When you have open communication, and you discuss choices before you make them, you will both feel:
- Like you are valued and trusted
- Happy with the direction that your family is moving
- Like your opinion was important
- A strong bond that comes from making these decisions together
Parents who work together and who are always on the same page often provide better homes for their children since they reduce stress and prevent disagreements. They also set an excellent example for their own children of what they should be like when they grow up, helping to give them a strong foundation.
What Types of Decisions Should You Discuss?
There are many different decisions that face parents over the years, some of which have legal ramifications and some that do not.
For example, you will need to talk about:
- Which school you want your children to attend
- How many children you want to have and how many you can afford to have
- What activities your children will be allowed to participate in as they grow up, such as school sports or similar groups
- Where you want to live and what your goals are in this regard for five or ten years in the future
All of these things, along with many more topics, can have a massive influence on your family life and the lives of your children. You need to get them all sorted out on time so that you and your children can be happy going forward.
What is Open Communication?
One of the first things that you should think about is what it means to have open communication. It does not just mean telling your spouse what you are going to do before you do it. In reality, it goes much deeper than that.
What you need to do is to take the time to present your ideas and viewpoints before deciding what you are going to do. Then you need to stop and listen to what the other person has to say.
Many couples make the mistake of jumping right over this second step. They are great at talking, but not at listening. However, half of the process is listening, so you need to do this for communication to move in both directions.

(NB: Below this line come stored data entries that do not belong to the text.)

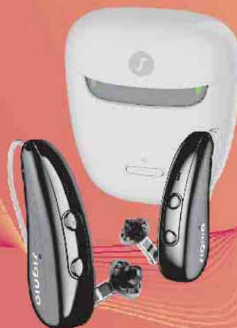
Pure Charge&Go IX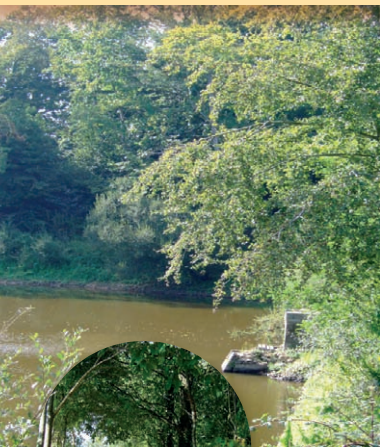
Étang de la Corbonnais

Construite en 1872, c'était à l'origine une école de filles tenue par 3 religieuses. Après les lois Jules Ferry et Combes qui excluent les religieuses de l'enseignement, l'école est devenue laïque. Cette ancienne école appartient à la commune.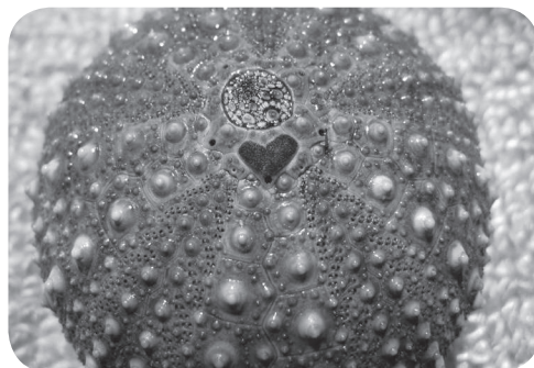
▲ハート型をした第一生殖板

一方、同じく積丹町を代表する水産物のウニですが、殻の頂点にある肛門の周りの棘を取り除くと図で示したような5枚の生殖板が見られます。

Communication with Growing Children
When you set a standard of open communication in your household, it will then spread to your children as they grow up and begin to think for themselves. They will feel like they can come to you for advice and answers. When they start to make the big decisions in life, such as where to go to college or what to be when they grow up, they will turn to you.
A family lawyer will tell you that many teens who lead troubled lives often do not feel like they can talk to their parents. They may be intimidated by their parents, or they may think that their parents will not understand. They can make many poor choices, even some that could lead to legal ramifications because they do not have the guidance that they need.
Make sure that you provide them with this guidance as much as possible.
What Happens When Open Communication Fails?
If your family does not communicate well, it can lead to arguments, disagreements, and fights. In the end, it could even push you to divorce since you will not be on the same page.
A family lawyer will tell you, a divorce often affects children even more than adults. They may also think that the split was their fault, and they can carry this guilt around with them for the rest of their lives.
So work to promote communication and keep the family together. Give your children a safe, warm environment in which to grow up. It’s something they deserve, and you should provide.